Dari segi nutrisi buah yang dikenal sebagai buah beracun ini punya kandungan nutrisi yang baik. Tiap 100 gram mengandung energi 273 kilokalori, protein 10 gram, karbohidrat 13,5 gram dan lemak 24 gram. Kandungan vitamin C nya cukup tinggi, 30 mg juga mengandung sejumlah mineral penting. Karenanya buah ini bisa menjaga kesehatan hati.

Selain Indonesia, Singapura memiliki olahan keluak khas peranakan, Ayam Buah Keluak. Hanya saja buah keluak tidak dihaluskan bersama bumbu tetapi daging buahnya dibiarkan utuh dan dimasak bersama ayam dan bumbunya.

Namun, kreativitas seorang chef justru tertantang saat melihat buah keluak yang tampilannya hitam. Candlenut, sebuah restoran di Dorsett Residences, New Bridge Road, Singapura.

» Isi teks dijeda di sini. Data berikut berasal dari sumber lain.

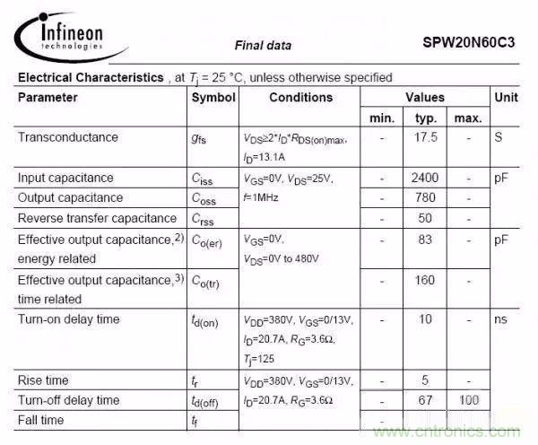 參照以上兩圖,是不同型號的MOS管,對比下輸入結電容和輸出結電容,2400PF與800PF;780PF與2200PF;一看就知道第一個規格是快管,第二個是慢管,這時候決定開關速度還要與驅動電阻匹配;常規情況驅動電阻在10R-150R比較多,選取驅動電阻與結電容有關,針對快板驅動電阻可適當增大,慢管驅動電阻可適當減小; 對於二極管,有肖特基二極管,快回複二極管,普通二極管,還有一種用的比較少的SIC二極管,開關速度SIC二極管幾乎為零,等於是沒有反向恢複,開關輻射最小,並且損耗也最小,唯一的缺點就是價格昂貴,故很少用;其次就是肖特基二極管,正向壓降低,反向恢複時間短,依次是快回複和普通二極管;需要在損耗和EMC之間折中;一般可采取改吸收以及套磁珠等措施整改EMC;

Dalam menu dessert kecuali Durian Soup, Ice Cream Buah Keluak juga jadi favorit pengunjung. Dessert ini berupa satu skop es krim dari buah keluak yang dicampur dengan 80% cokelat Valrhona. Warnanya cokelat pekat.

Di bagian bawahnya ditaruh salted caramel, bongkahan chocolate crumble dan remahan chilli kemudian disiram dengan milk chocolate espuna yang hangat berwarna cokelat muda mengilap.

Rasa pekat keluak terasa lekat di lidah dengan jejak yang kental, lebih kuat dari cokelat. Chocolate crumble memberi tekstur renyah dan saus cokelatnya yang creamy tak terlalu manis justru memberi kesan ekstotik. Apalagi diselingi sedikit gigitan pedas dari cabai.

Resto ini juga punya sajian buah keluak yang lain. Iga Sapi F1 Ranger Valley Wagyu dengan marble 7+ dimasak dengan bumbu keluak yang pekat. Juga ada pilihan ayam dengan bumbu yang sama. Sambal Buah Keluak Prawn yang berupa udang jerbung besar diaduk dengan bumbu keluak dengan irisan halus daun jeruk purut.

Olahan baru buah keluak ini menunjukkan bahwa buah unik ini dengan rasa pekat ini justru menarik untuk dibuat eksperimen. Ternyata sangat lezat dan makin unik rasanya. Tertarik mencoba?